Open-access Encontro de Gestores das RedesFito em seu aniversário de 18 anos

Buscando organizar um ambiente que desse suporte à implantação de políticas públicas[1,2], voltadas para o desenvolvimento e inovação a partir da biodiversidade brasileira, há 18 anos nasciam, no coração da Amazonia, as RedesFito[3]. Em 2010, o Sistema Nacional das Redes Fito- RedesFito foi instituído na Fiocruz/ Farmanguinhos[4] tendo em seu escopo a gestão de dezoito Arranjos Produtivos Locais em seis biomas: Amazônia, Caatinga, Cerrado, Pantanal, Mata Atlântica, Pampa, conforme anunciado no IV Seminário do Escritório das RedesFito, ainda em 2009[5].

Ao longo desses anos vivenciamos muitas mudanças no Brasil e no mundo, que tiveram um grande impacto na inovação em medicamentos da biodiversidade. Por outro lado, as RedesFito promoveram iniciativas resultando enorme acúmulo de experiências, das quais destacamos algumas a seguir.

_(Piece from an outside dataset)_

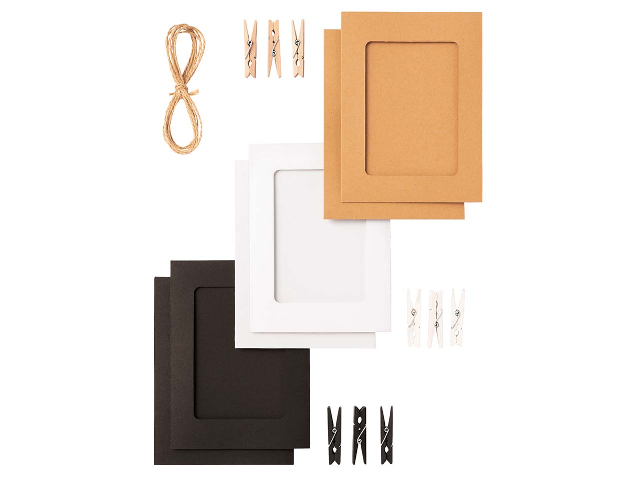 | Inhalt: | 9 Bilderrahmen (3x3) in den Farben weiß, schwarz und natur (10x15 cm für DIN A6 Bilder), inkl. je 3 weißen, schwarzen und naturfarbenen Holzklammern, Juteschnur 1,8 m |

Em 2008, foi organizado o Portal das RedesFito[6] que buscava espelhar os projetos de desenvolvimento nos principais biomas brasileiros, com a intenção de subsidiar, especialmente de sua diretriz n° 4, a implantação do Programa Nacional de Plantas Medicinais e Fitoterápicos[7] na lógica “de baixo para cima”. Este sítio eletrônico foi repaginado e abriga as diversas iniciativas, informações, documentos e produção das RedesFito.

O Projeto Saúde e Agroecologia em parceria com o Movimento dos Trabalhadores sem Terra (MST), em nove comunidades de quatro municípios do Extremo Sul da Bahia, (2013-2018) devolveu a visibilidade destas comunidades no Sistema Único de Saúde Local corrigindo a principal causa do agravamento das doenças prevalentes na região, além de ter publicado resultados de levantamento etnobotânico participativo no livro “Conhecimento Popular de Plantas Medicinais do Extremo Sul da Bahia”[8].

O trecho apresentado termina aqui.